The build-out of the algae platform

In biofuels, the build-out of an algae platform is the most significant effort underway to develop a new upstream source of sugars and oils. This week at the Algae Biomass Summit, we’ll be measuring the progress of companies like Sapphire Energy, Cellana, Algenol, Heliae and BioProcess Algae, to name a few.

To date, the mission is both upstream and midstream in character. The most important companies are not only trying to grow algae on a sustainable, industrial scale – but developing novel technologies to fraction and refine the algae biomass into value-add products. It’s noble, expensive work, but companies like Solazyme are making it work.

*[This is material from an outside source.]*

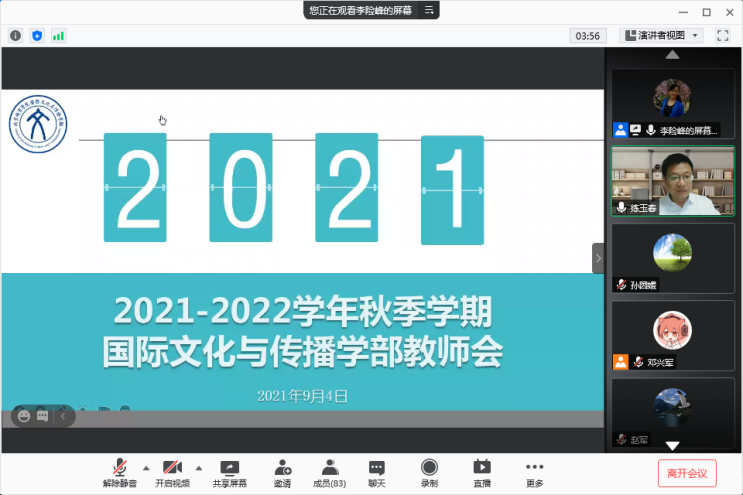 9月4日上午,国际文化与传播学部通过线上方式召开2021-2022学年秋季学期教学大会,学部专兼职教师参加会议,练玉春副校长、校督导赵军教授等出席会议。

Very few companies have, for example, focused exclusively on developing extraction and refining technology – hoping to buy affordable algae biomass in the long term on the spot market or contracting with producers. Those that are developing refining technologies are, rather, focused on selling them to algae producers – upstream. That’s where they understand the winning cards to reside. That appears to be the trend of the times.

You may well ask why — if algae producers and other companies that have embraced the upstream — are so well positioned, why aren’t they dominating the world? In many cases, they have yet to shake out sufficient cost from their processes to make products at market prices. But that is changing quickly as they acquire experience, capital and scale.

The bottom line

“All power to the Feedstocks!” – that is what we hear the world shouting. It sounds so much like “All power to the Soviets!” that one is forced to wonder if a “dictatorship of the upstream” will be any more successful than a dictatorship of the proletariat proved to be.